I am glad that my hon. Friend intervened with that point. That should not be allowed to continue. I know that my hon. Friend looks after his constituents very well. However, it should not be left to individual Members of Parliament to make representations on behalf of individual constituents to the appropriate authorities.

Ministers should lean on nationalised, publicly owned industries, which should listen to what the Ministers are saying. They are supposed to be accountable to Ministers and Parliament. I hope, therefore, that the Minister of State and the Secretary of State, who, unfortunately, is not here, will lean on the electricity boards and tell them that enough is enough and that until we get a statutory code of practice, they should lay off some of the bully-boy tactics to which they are resorting.

Mr. Bob Cryer (Keighley)

Does my hon. friend accept that the Government lean on the public sector industries only by forcing them to increase their charges? It was announced in January 1980 that the fuel supply industries would have to increase their charges. The Government are probably not averse to bully-boy tactics by the publicly owned industries as it brings such industries into disrepute. What we need is more of a service mentality from both the Government and the publicly owned industries.

Mr. Canavan

My hon. Friend is absolutely correct. It seems that the only way in which the Government are willing to intervene in the running of the nationalised industries is to cut public investment in nationalised industries and also to tell them to put up their prices, which hurts the consumer and is one of the principal reasons why we are debating the tragic issue of disconnections. Many disconnections would not take place if the price of domestic fuel were a bit more reasonable.
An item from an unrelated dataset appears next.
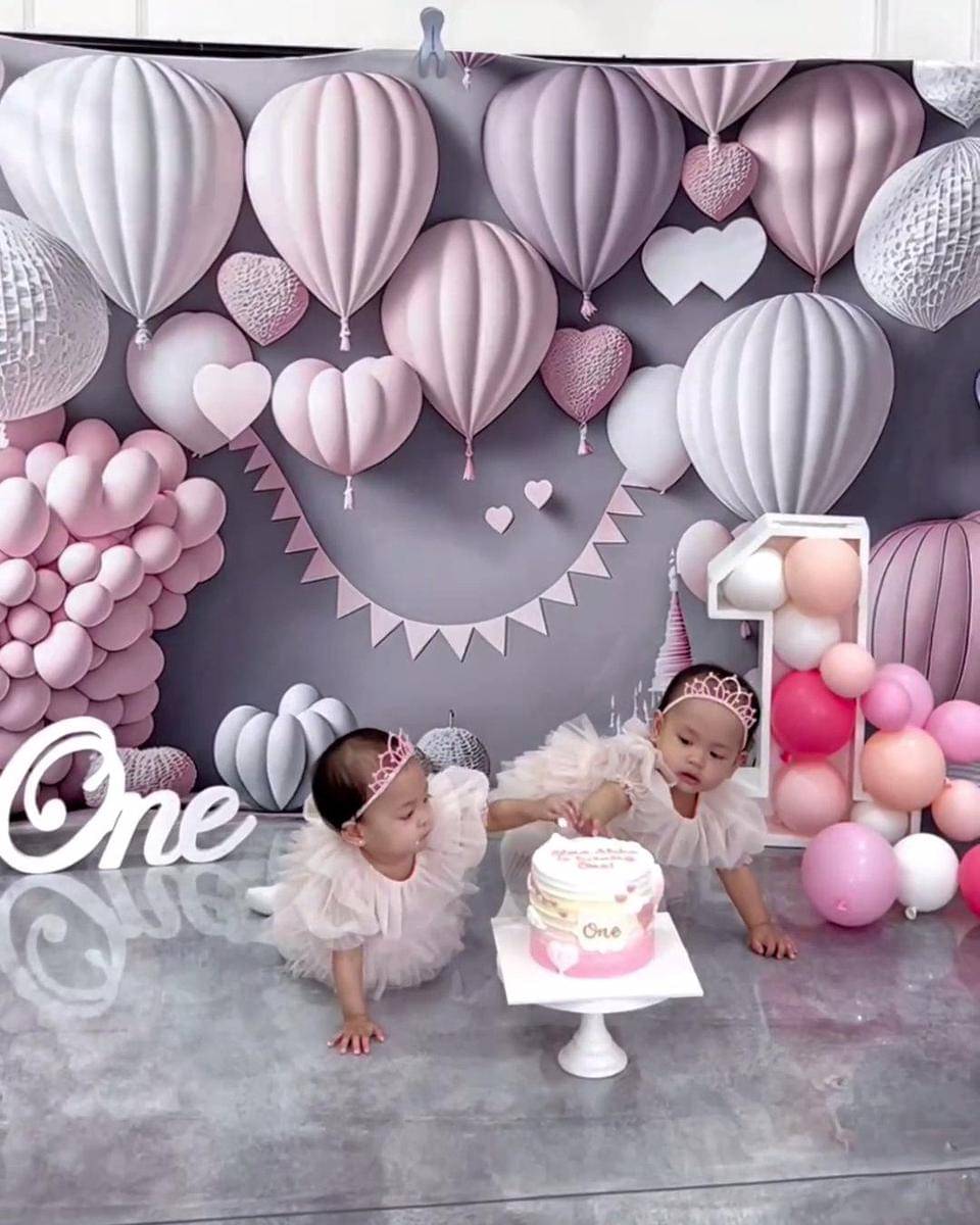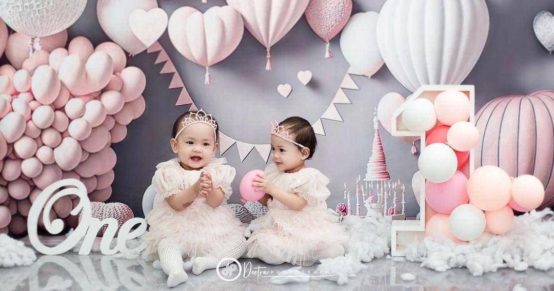 Penampilan Alma dan Alsha semakin terlihat manis berkat aksesori berupa mahkota yang menghiasi kepala mereka. Terlihat berbagai macam hiasan balon didominasi warna pink yang menghiasi latar belakang foto.

One of the root causes of disconnections is fuel poverty. The new clauses that we are discussing do not deal directly with that, but it is worth saying in passing that the additional heating allowance that is given to some, but not all, recipients of supplementary benefit amounts to the handsome sum of £1.90 per week. What can one do with £1.90 per week? One could not even buy half a bag of coal. It would not go far towards meeting the average electricity or gas bill for the average household. I hope that in the longer term the Department of Energy and the Department of Health and Social Security will get together and take up my suggestion of a more realistic fuel allowance, especially for the families and other consumers who are most in need.

5.45 pm

I shall make a brief reference to new clause 5. The ethos behind the Bill seems to be further privatisation or to give to people in the private sector the opportunity to generate and supply electricity. If that comes about to any degree—I hope that it does not, and I support those in the House and outside who will try to stop the mad, obsessive privatisation policy of the Government—and the domestic consumer is dependent upon the private supply, I hope that the Minister will extend the existing code of practice to the private supplier. It would be even better to implement a statutory code of practice here and now by accepting new clause 4, and to accept new clause 5, which extends that statutory code of practice to people who, unfortunately, may be completely dependent on a private supplier.
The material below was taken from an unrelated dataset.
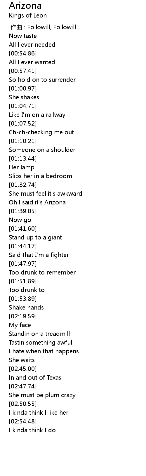 | [01:37.30] | Oh I said it′s Arizona |

Despite what I said about some people in the public sector, notably the draconian attitude of the South of Scotland electricity board, I have no doubt that if electricity generation and supply were completely privatised and the average domestic consumer were completely at the mercy of a private racketeer who wanted to make a fast buck without thinking of the social consequences, the number of disconnections would be several hundred thousand a year and not just 100,000 a year.

The Minister has a nice smile on his face. I should like to give him a complimentary copy of my People's Right to Fuel Bill. I remind him that it is due to have a Second Reading on 22 April. I hope that the Government will make a helpful response and say either that they will provide time for the Second Reading debate on my Bill by giving it Government support or that the Bill is so well drafted and good in principle that it does not even need a Second Reading debate. I hope that on 22 April, instead of the Government Whip shouting, "Object," it will receive an unopposed Second Reading and go straight to Committee.
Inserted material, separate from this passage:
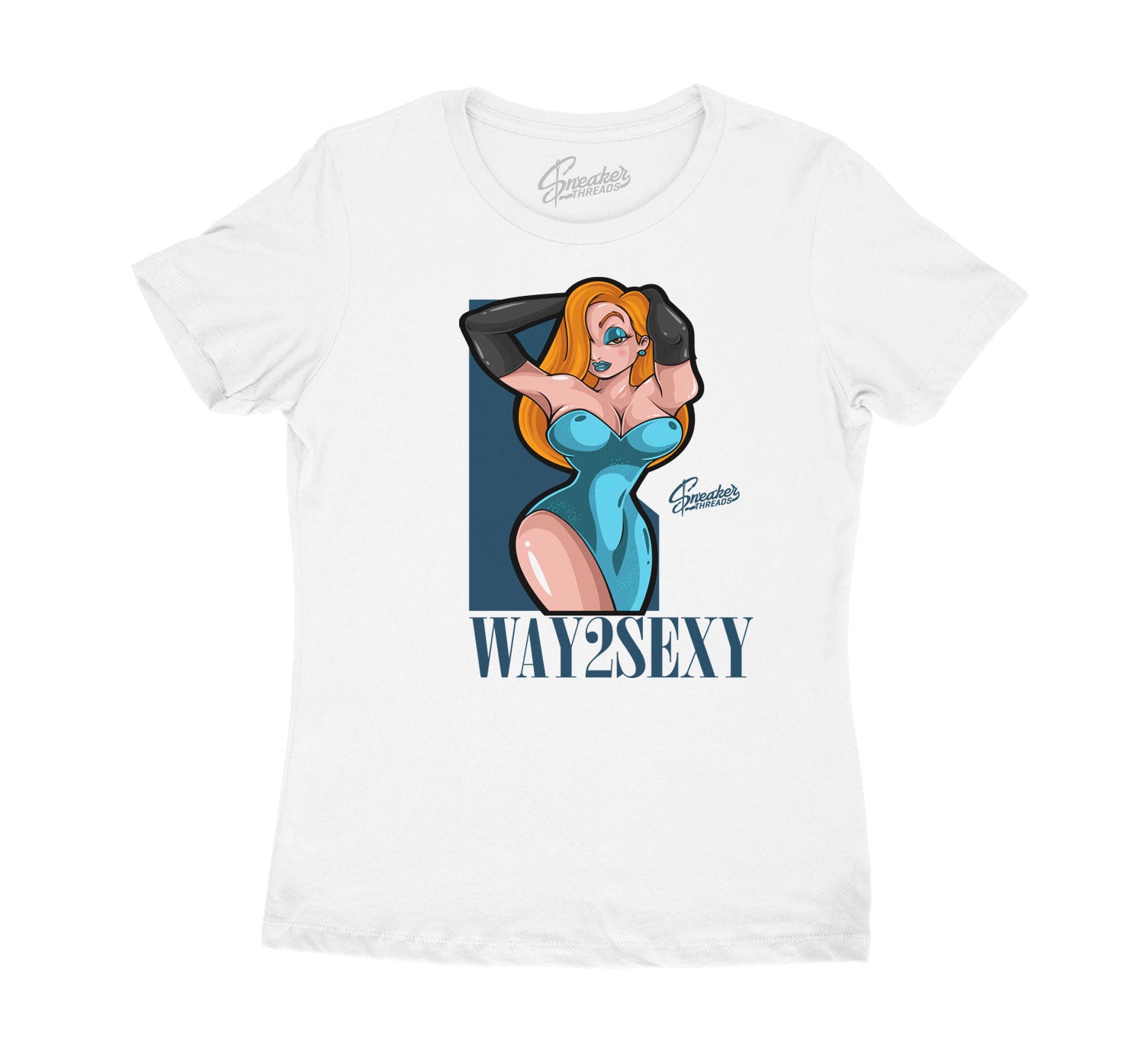 Womens shirt matches Jordan 13 obsidian sneaker colorway.

In the meantime, I urge the House to support my hon. Friends who have tabled new clauses 4 and 5, because they will go some way towards solving the problem, which will be more comprehensively dealt with in my private Member's Bill.

Mr. Palmer

As I spoke at great length on other clauses, I do not propose to add much more than has been said already from both sides of the House in support of the new clause. When the Bill was in Committee, I claimed to be the only member of the Committee who had disconnected the supply of a consumer. It was a long time ago. The circumstances were somewhat bizarre, to say the least.

We have all had the experience in our constituencies of some terribly hard cases, such as when the supply to elderly people or single-parent families is cut off, which is the last straw. Therefore, I endorse what has been said from both sides of the House, particularly by my right hon. Friend the Member for Lanarkshire, North (Mr. Smith), in support of the new clause. My reason for mentioning in Committee that there was an employee point of view on this matter was that it is an extraordinarily unpleasant task for electricity employees to enforce disconnections.

My argument for new clause 4 is somewhat different from other arguments which have already been deployed, although I endorse them. I do not know whether there is some special harshness about the Scottish character that means that the electricity boards there act in a draconian way. I take cases to the South-West electricity board in Bristol, and I applaud the humanity with which it deals with them. Things may be different in Scotland.

Electricity boards are business undertakings and it is difficult for them, with the best will in the world and the assistance of a statutory code, to act as welfare organisations. The boards and their employees would be assisted by a definite statutory code. They would then know where they stood. It is not the chairmen, but the employees of electricity boards who must carry out the unpleasant task of disconnection and they would be able to quote the authority of the House in support of their action. There is, therefore, a strong case for a statutory code from the boards' point of view. That point has not been made.

Mr. Arthur Lewis

I had not intended to speak until I heard the speeches of the hon. Member for Bedford (Mr. Skeet) and the right hon. Member for Greenock and Port Glasgow (Dr. Mabon). Although I support the statutory approach, I wonder whether it is all worth while. The right hon. Member for Greenock and Port Glasgow was right when he said that we must consider the cost of all the paper, printing, advisory pamphlets and the rest. There must be an infinitesimal number of people who are disconnected because they are dodging payment, either deliberately or accidentally. The costs involved cannot be worth the candle.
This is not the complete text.